そして当時の日本が治めた朝鮮の社会事情、あの時代の状況が手に取るように分かり、日帝36年が「搾取」と「圧政」だったなんて、まったくの嘘だとすぐにバレる。
わたしたちは既に多くの先人の努力によって「従軍慰安婦」「強制連行」がなかったことを知っている。いまさら賠償の必要もなく、それでも日本を貶める朝鮮民族の民度の低さに呆れかえってきた。

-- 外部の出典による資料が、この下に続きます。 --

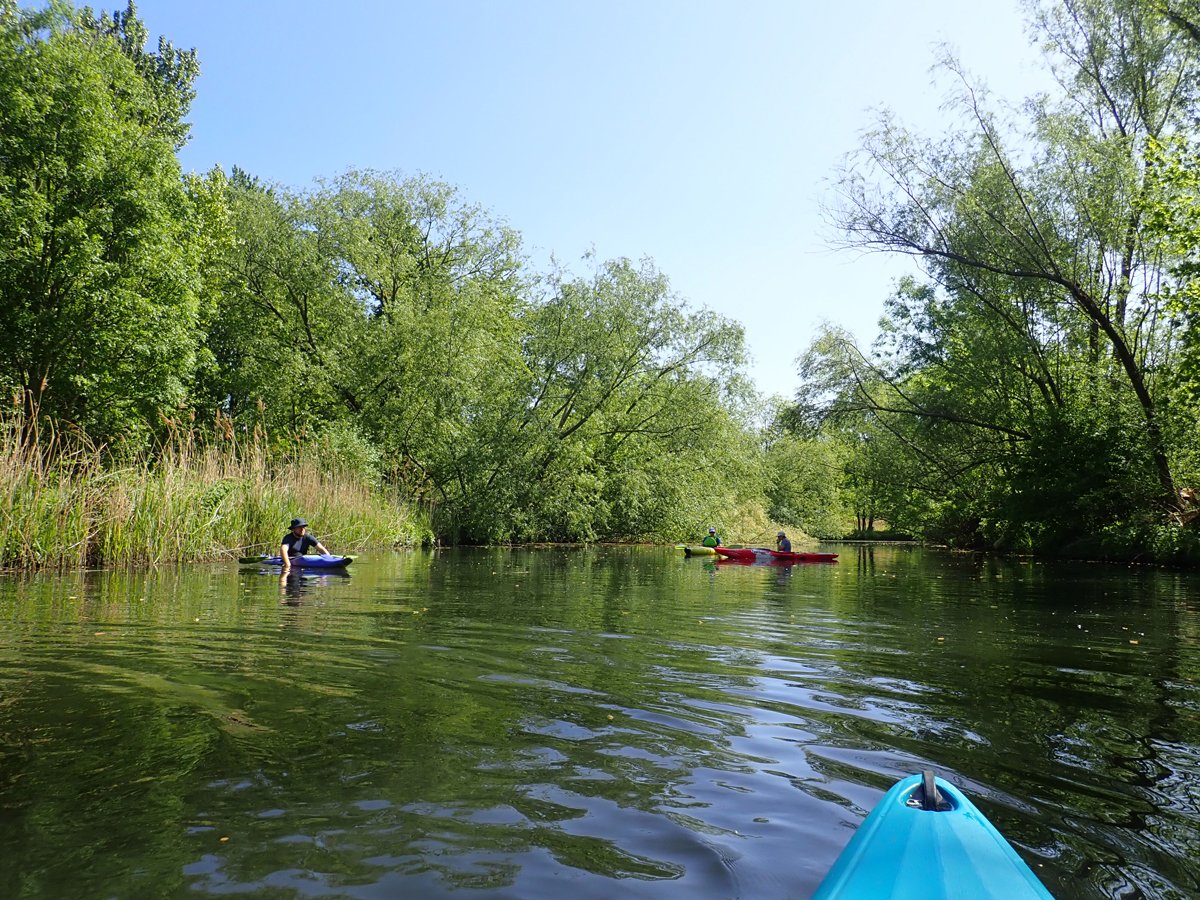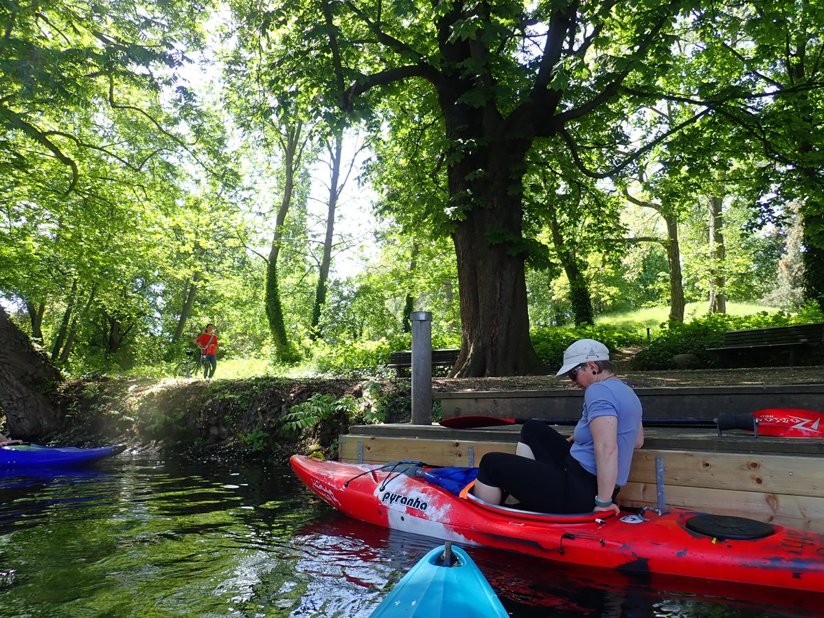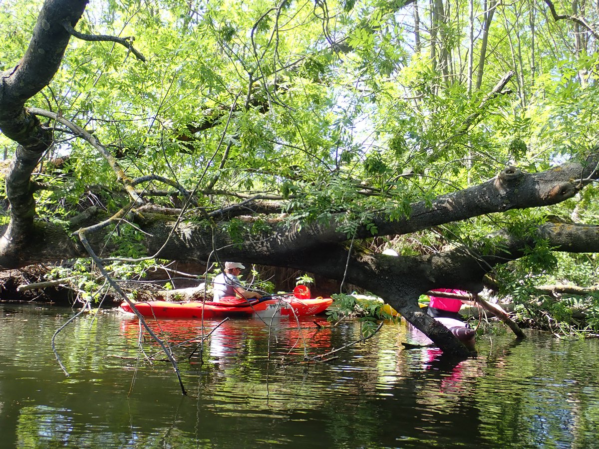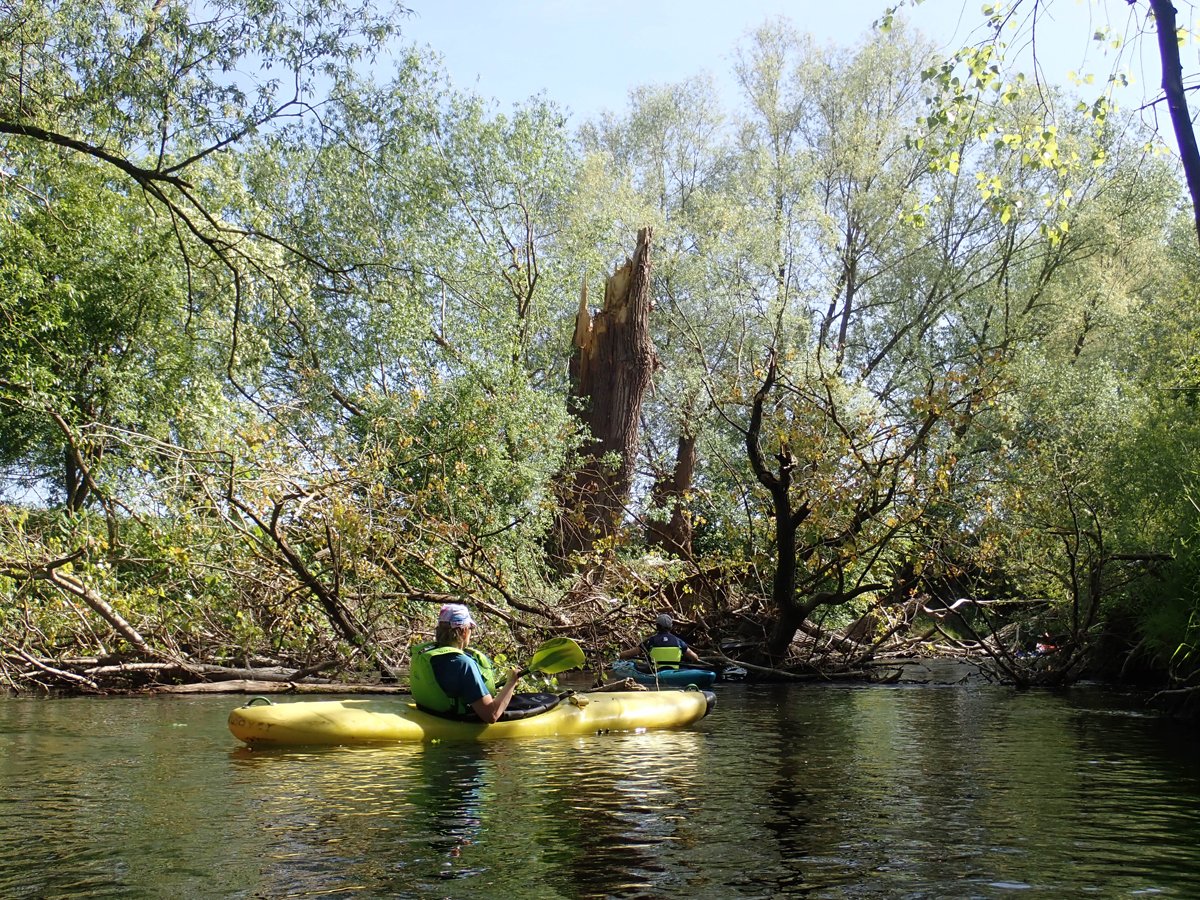 Start dieser Tour war am Südsee. Von dort ging es rechts herum durch Braunschweig - das Petriwehr im linken Arm ist immer noch Baustelle - bis nach Ölper. Nun wechselte das Bild der Oker von "Stadtkanal" zu "Wildnis". Auf einer Luftliniendistanz von etwas über 3 Kilometern hat die Oker eine Fließstrecke von 9 Kilometern zu absolvieren, durch herrlich viele Mäander mitten durch ein Waldstück. Hier lagen auch zahlreiche Baumhindernisse im Wasser. Sie galt es zu überwinden, mit allen nur denkbaren Techniken. Am Mittellandkanal endete dann die Tour.

日帝時代が「よい時代だった」と本当のことを言ったら殴り殺された日本語世代がいた。靖国神社に爆弾をしかけた元韓国軍兵士は、凶悪残酷な被害を想定していたのか、いなかったのか、軽い気持で爆弾を靖国のトイレに仕掛けた。それをもって凱旋すれば韓国で英雄扱いされ、特別年金を授与されると考えていたフシがある。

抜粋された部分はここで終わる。